1. Obviously, the introduction of three more nights of orbits presents problems with respect to previous conclusions about the chronology of Paradise Lost. But in those chronologies, critics have based some of their conclusions on inadequate or irrelevant evidence. Because I have offered a solution to some of the problems of chronology in a separate paper, which was presented at the Milton Symposium in Bangor in July, 1995, here I will simply suggest that Satan's orbiting for ten nights does not necessarily undermine a 33-day chronology for the events of Paradise Lost.

2. Although by interpreting "Night" to mean one-half a day/night period one could argue that in his seven orbits Satan only orbits the earth three and a half times, such a trip would leave Satan on the opposite side of the earth from where he began. But "return'd" (IX, 67) suggests that he ended those orbits where he began them.

Of the fifteen nouns Milton uses to describe Satan's flight from and return to earth, none is repeated except "return'd" which is used three times. The usage emphasizes Satan's determination to find his way back to Eden.

3. As this 16th-century armillary sphere demonstrates, the ecliptic is the celestial equator. It lies on a plane which intersects the terrestial globe at an angle of approximately 23 degrees 27 feet the equator, but that intersection can take place at any longtude. The longitudes at which that intersection occur change constantly as the earth turns with respect to the celestial globe.

4. Satan could, of course, begin each of these orbits in a southeasterly direction. If he did, the paths he followed would be a mirror of those presented here.

5. Milton seems to have envisioned the Atlantic and Pacific Oceans as a single ocean "barred," a word which the OED shows to have meant "of harbors" or "obstructed by a harbor" from 1552 until the 1800's and which suggests "barriered."

6. Longitude 48 degrees is intersected by a point which many Europeans had come to think of as the "front door" of Eden. On the Mercator Map, Syria, The Black Sea, The Sea of Azov, and the River Ob fall on the same longitude.

7. Milton's geography makes sense when considered on a T in O map, on the Ptolemaic map, and Mercator maps.

8. This sequence (constructed of smaller sequences of three, four, and two circular orbits) is the third nine-day sequence of Paradise Lost in which Satan accomplishes nothing.

9. Although Gerard Ginette defines "prolepsis" as "any narrative that consists of narrating or evoking in advance an event that will take place later" (40), I prefer to reserve the term "prolepsis" for the narration of future events and will use the term "foreshadowing" for the evocation of future events.

10. Milton's use of the word "colure" is anachronistic to the chronology of his narrative.
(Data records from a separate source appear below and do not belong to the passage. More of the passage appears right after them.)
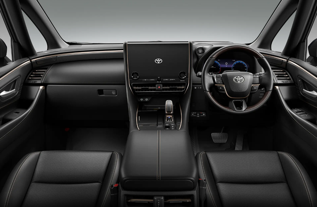 丰田威尔法在内饰方面,主打沉稳,商务,提供黑色和棕色可以选择,方向盘采用双拼材质,新款车型在内饰一些细节还增加了金色装饰件,提升了精致感,内饰还增加了缝线处理,空调操作区采用触控式。
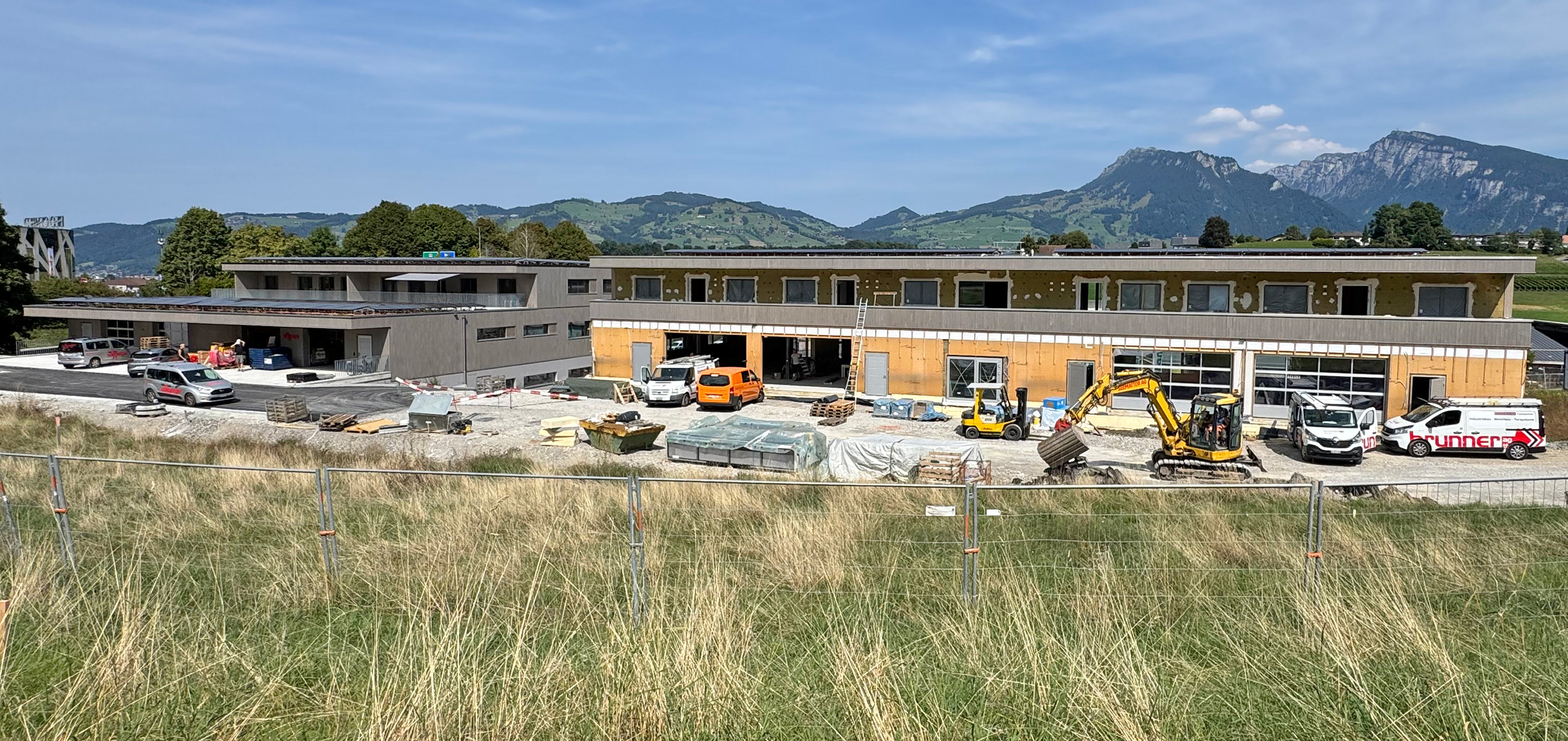Die Baumaschinen für den neuen Gewerbepark im Spiezwiler sind am Werk. In zwei Etappen entstehen vier dreistöckige Gewerbebauten mit Holzfassaden, welche sich harmonisch in die umliegende Landschaft integrieren.
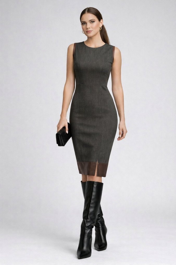 Gri deri detaylı kalem elbise, kolsuz ve V yakalı, kemerli ve midi boyda, ofis için uygun regular fit model.
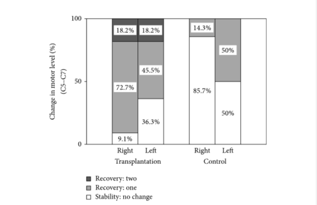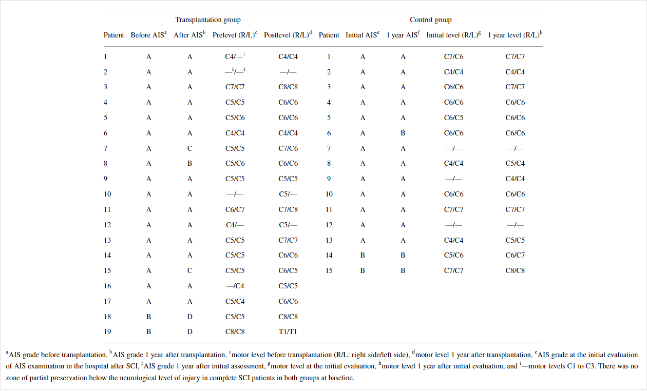因此,與對照組相比,移植組中AIS-A患者在1年時恢復(fù)了一個或多個運(yùn)動水平的比例更高。在基線時,兩組完全SCI患者的神經(jīng)損傷水平以下沒有部分保留區(qū)域。
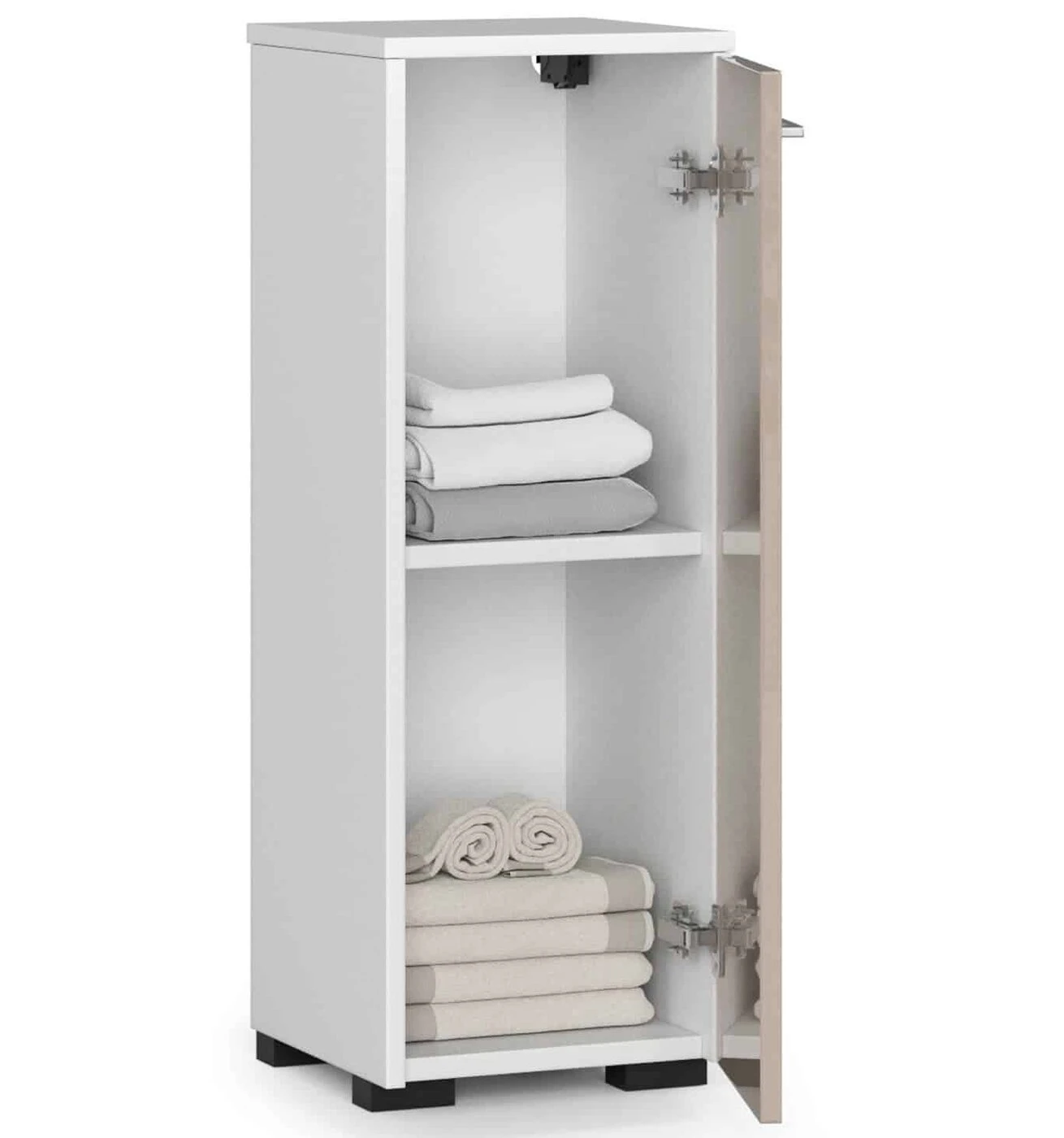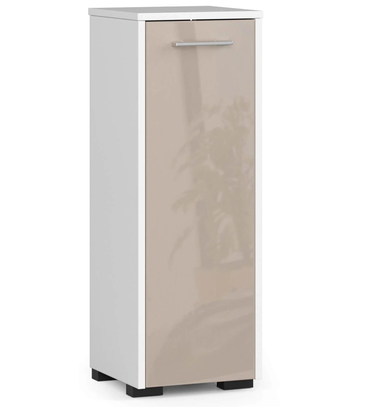 Aprašymas buvo automatiškai išverstas, gali pasitaikyti klaidų.Pastaraisiais sezonais itin madingas nemirtingos baltos spalvos derinys su šiltu smėlio atspalviu leido sukurti itin estetišką ir praktišką baldą, derantį prie daugelio vonios kambario įrengimų. Spintelę sudaro dvi lentynos, pastatytos už uždarų durų. Kasdienio naudojimo patogumas, taip pat naudojamų medžiagų ilgaamžiškumas ir tvirtumas daro pasiūlymą labai populiariu ir noriai naudojamu tiek erdviuose, tiek mažuose kambariuose. Pažymėtina kruopštus pristatytų baldų apdirbimas ir tvirta konstrukcija. - Spintelė pagaminta iš dilimui atsparios laminuotos plokštės; - Viduje yra dvi lentynos durys ; - Durys universalios - galima montuoti iš dešinės ir kairės pusės; - Kraštai padengti melaminu; - durų rankenos yra sidabrinės; - Spintelė skirta montuoti savarankiškai ir pridedama instrukcija; - Gaminio garantija yra dvidešimt keturi mėnesiai.
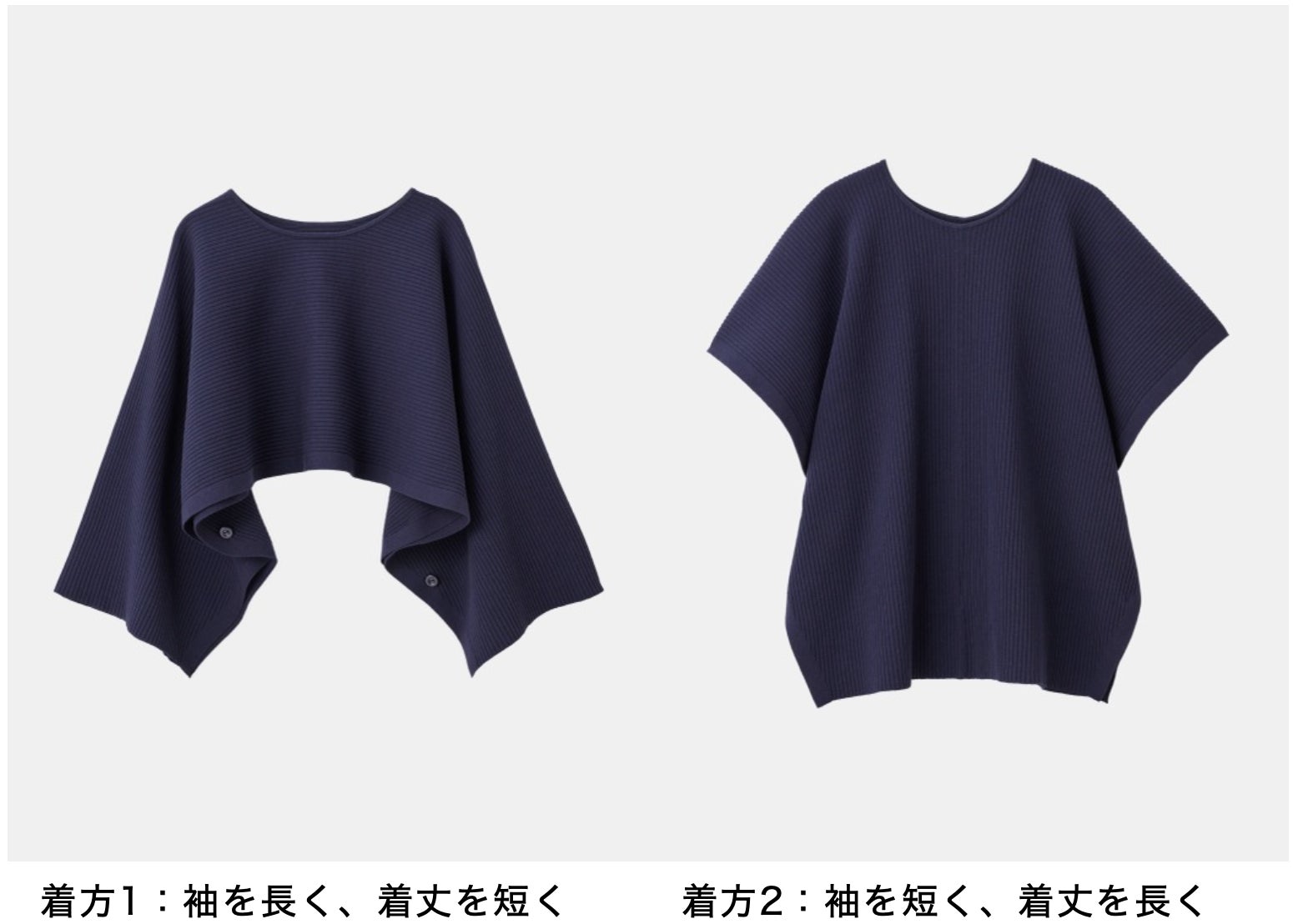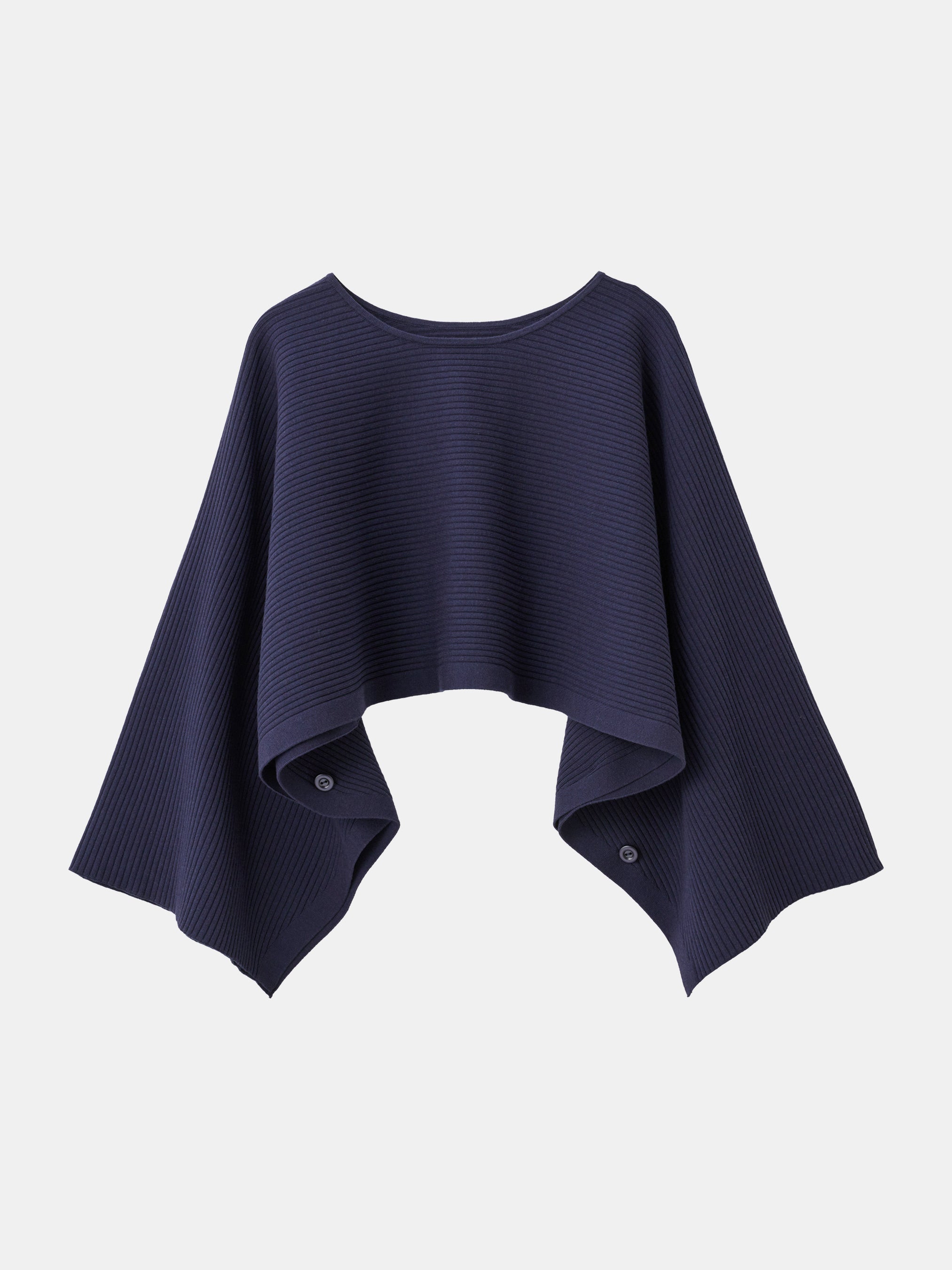 「コットンブレンドニットケープ」は羽織ることで暖かさをプラスするだけでなく、コーディネートのアクセントにもなるアイテムです。袖下のボタンを留める位置を調整できるため、袖を通す位置を変えた2WAYの着こなしを楽しめます。
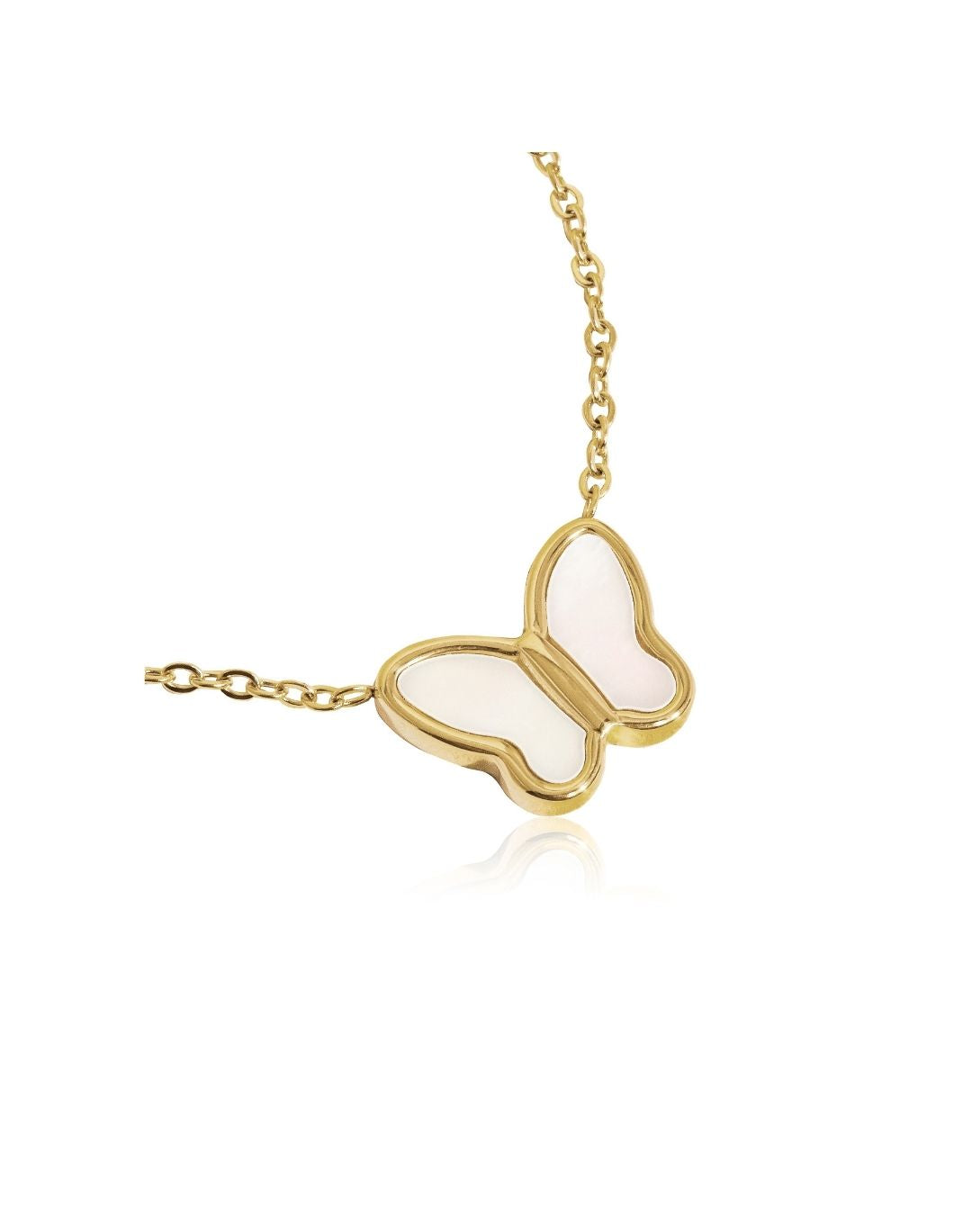 A modern heirloom, the Petite Shell Butterfly Necklace captures delicate charm with a natural shell pendant in a graceful butterfly shape.

Because they are intersections of the equator and equinoctial line, colures would only exist after earth tilts at the time of the fall. Even if there were no symbolic or preleptic significance in placing the orbits on the colures and on the equinoctial, Milton would have selected the colures, the equinoctial, and/or the equator to designate as paths, because he would have seen through these circles on armillary spheres.

11. From soaring through sky on "Sail-broad Vans" (2.927), Satan, in continuing to rebel, reduces himself to slithering on his belly. From once having "stood like a Towr" (1.591), Satan's body has diminished and coiled in upon itself. From huge-winged giant, he is sequentially reduced to a slumping cormorant (4.196; a bird known for its voracity), to a squat toad (4.88), and finally to a serpent "[in] labyrinth ... rolled" (9.183).